Dear Meryem,
I have been working with verticality and horizontality, with messiness, and with virtuosity. I have been exploring Mallakhamb, a style of Indian aerial rope that I had a brief period of engagement with in 2010 but have never gone back to. It does multidimensionality and virtuosity and depends entirely on the grip of the big toes to support you, which is so delicate but is meant to hook into a deep internal line of power in the body….it actually is quite painful at the start but there is something beautifully simple about it and it moves in such opposite ways to most other styles of aerial work that is it great to have an interruption to the way I approach movement.
I am continuing to unpack from your last writings, taking those notions into rehearsal. Wondering about colonized bodies, about settlers bodies, about nomadic bodies. I am interested in the idea of the giving up of verticality , the question of what happens when one gives up the privilege of the vertical and enters into a different relationship to effort and mobility. (from Stumbling dance: William L’s crawls)

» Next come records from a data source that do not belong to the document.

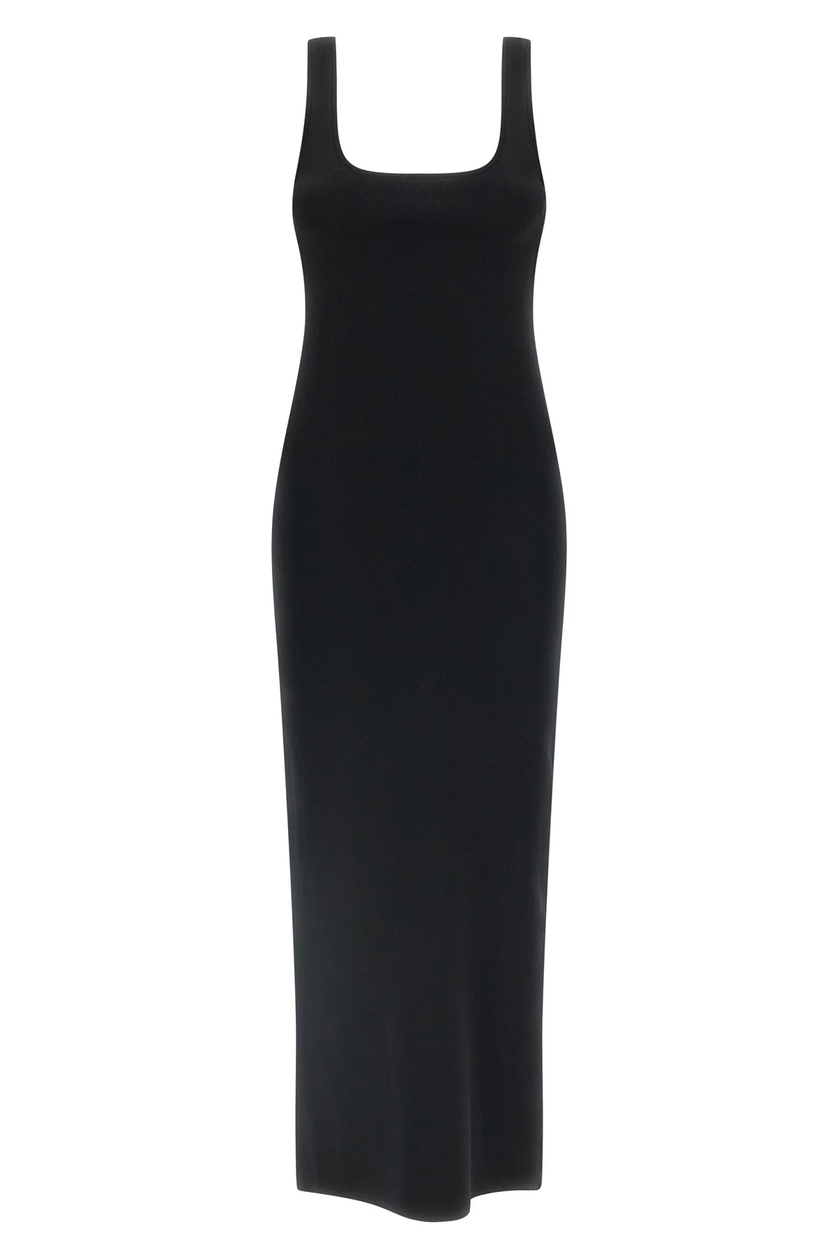 cod. ESSS26DR032370015 Sleeveless midi dress in stretch viscose with square neckline on the front and back, sheath silhouette. Color: Black Size & Fit: true to size fit Composition: 83% viscose, 17% polyester Made in: China
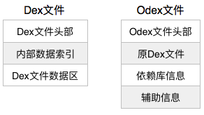 为了保证原Dex文件的数据安全与优化机制的独立性,优化机制重新创建一个.Odex文件,主要包括依赖库关系、寄存器映射关系以及类的索引关系。
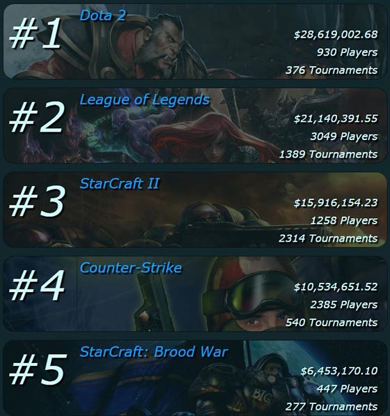 依照外国eSports Earnings网站的奖金统计,目前累积奖金高达强五名的项目有《DOTA2》、《英雄联盟》、《星际争霸2》、《CS》、《星际争霸:怒火燎原》,其中比赛总奖金最高的《DOTA2》甚至达到2800万美元的惊人数目,远远超过其他电子竞技项目。
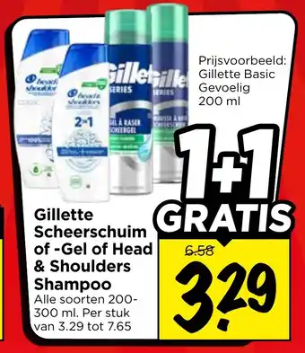 Gillette scheerschuim of gel of head & shoulders shampoo 200-300 ml 1+1 GRATIS
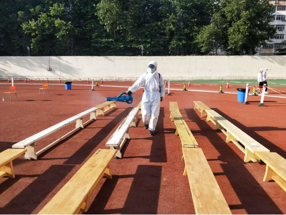 (三)后勤管理处(集团)餐饮中心5月29日全天服务师生82人次。 (四)后勤管理处(集团)场馆中心在对工作人员进行体温检测、登记后,严格按照校医院《场馆消毒指南》要求做好场馆(地)清洁、消毒、通风及师生体温检测工作,具体如下: 1、竞校训练、室外对教职员工开放场地服务师生情况: 体操馆训练11人次(老师3人) 体操馆锻炼学生17人次 足球场训练22人次(老师1人) 篮排馆训练11人次(老师4人) 篮排馆锻练4人次(老师1人) 第一网球场锻练10人(老师9人) 网球馆锻炼老师15人次 地掷球馆锻炼2人次(老师1人) 羽毛球馆锻炼19人次(老师15人) 艺术馆锻炼学生2人次 以上共计113人次 2、附楼办公体温检测75人次 (老师64人) 3、消杀、通风、卫生保洁次数: 场馆公共区域消毒2次; 场馆通风2次; 卫生保洁3次。 4、保障招生考试情况: 考试场地(田径场)消杀4次; 检录场地(篮球场)消杀4次; 通道(田径馆)消杀4次; 考试用卫生间(田径场、综合馆1层、篮球场)消杀4次; 完成考试用场地值班管理工作; 完成考试用场地清洁保障工作; 完成考试器材、物资保障工作; 完成考试场地设置、维护及相关保障工作。
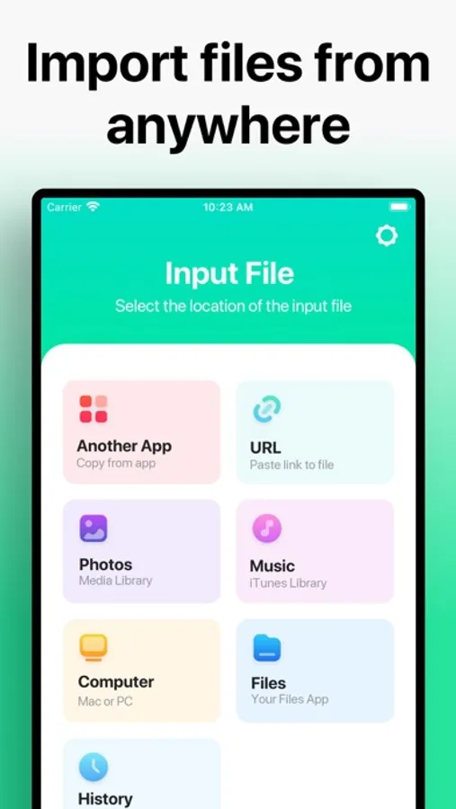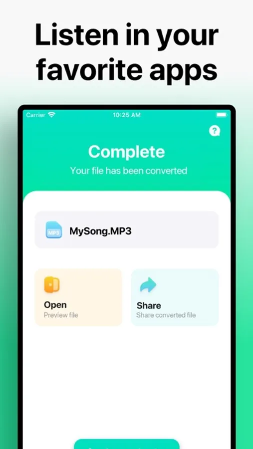 Save, Share or Listen to your converted audio files in your favorite apps immediately. You can even browse your previously converted files with our in-app file browser.
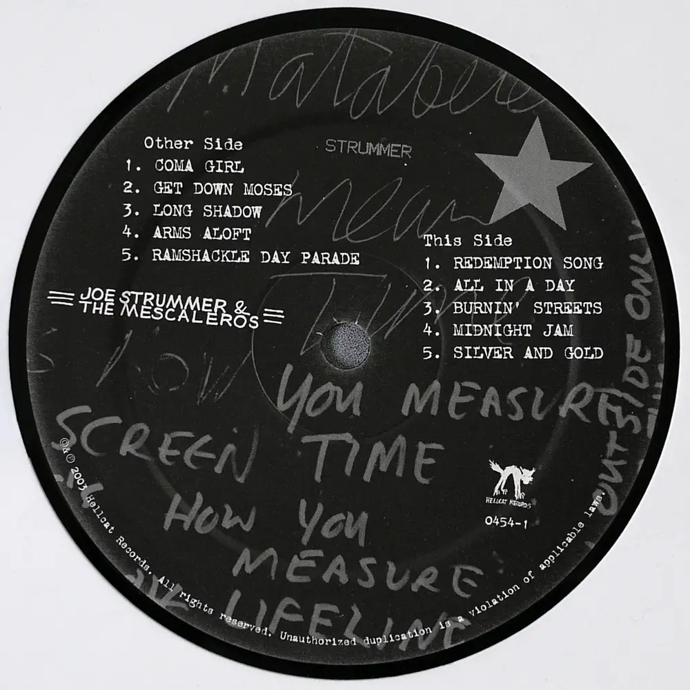 Listening to the crunchy rocksteady thunder in "Go Down Moses," with its monstrous dubbed-out bass and lyrics about the sellout of the world wholesale, listeners can hear Strummer laughing in the face of all the darkness multinationalism can muster. "Long Shadow," with its minor-key architecture and acoustic guitars played in pure Americana rambling style, was written for Johnny Cash but never recorded. Its protagonist crosses deserts and rivers; he haunts the places of desolation in order to speak with the voice of the Storyteller. The song's style and spirit evokes the ghost of Cisco Houston as Strummer sings: "I'll tell you one thing that I know/You don't face your demons down, you gotta grapple with 'em Jack/And pin 'em to the ground…And I hear punks talk of anarchy/I hear hobos on the railroads/I hear mutterings on the chain gangs/It was those men who built the roads/And if you put it all together/You didn't even once relent/You cast a long shadow/And that is your testament…." Other rockers include the burning revolution drama of "Arms Aloft," with a refrain that is among the most anthemic and raucous Strummer ever wrote. With wah-wah guitars, distorted bass, boombastic drums and cymbals, it is the hardest rocking track on the set. Also strong are the searing "All in a Day," with its razor-wire Telecaster stomp, and the medium to slow heaviness of "Burnin' Streets." There are two covers on Streetcore. First is a deeply moving reading of Bob Marley's "Redemption Song," played acoustically by Strummer, Smokey Hormel, and Benmont Tench, and produced by Rick Rubin. This is the only cut that the Mescaleros don't appear on; it wasn't recorded for this set but is included by Luce (Strummer's widow) and the band as a hinge piece for the front and back of the album to hang on, and it works gloriously. The other is the closer, a cover of the Bobby Charles' classic "Before I Grow Too Old," retitled here as "Silver and Gold." It's a barroom song played in elegiac, Anglo country style – think of the Mekons on Fear and Whiskey. Strummer's last line in the song is, "I've got to hurry up before I grow too old," before he speaks to us in his grainy Cockney voice, "OK, that's a take." It's almost as unbearable as it is unforgettable. Streetcore is the sound of Joe Strummer hitting his stride with his own band on his terms both lyrically and musically. The fact that this is a final album for Strummer is beside the point; this is one of the best rock & roll albums of 2003, and truly the finest, most cohesive work he did after London Calling. –Allmusic.

Here is some automatic writing after rehearsal. (3min practice)
The big toe line. Gently lifting my big toes, allowing my feet to round and cup, feeling the pull up through my bodies centre, some deep energetic line of the body, like a magnetic pole, a pulling , and organizing, a subtle but deep internal support.
Climbing a rope, propelled by my toes, this line active. The lift of my big toes does something that lifts my body, propelling it upwards, strength, delicacy, horizontal engagement for verticle propulsion, upward, sideways and around. The soles of my feet remembering the palms of my hands, my head remembering the space of my pelvis as the body inverts and changes position orientating itself around memory spaces.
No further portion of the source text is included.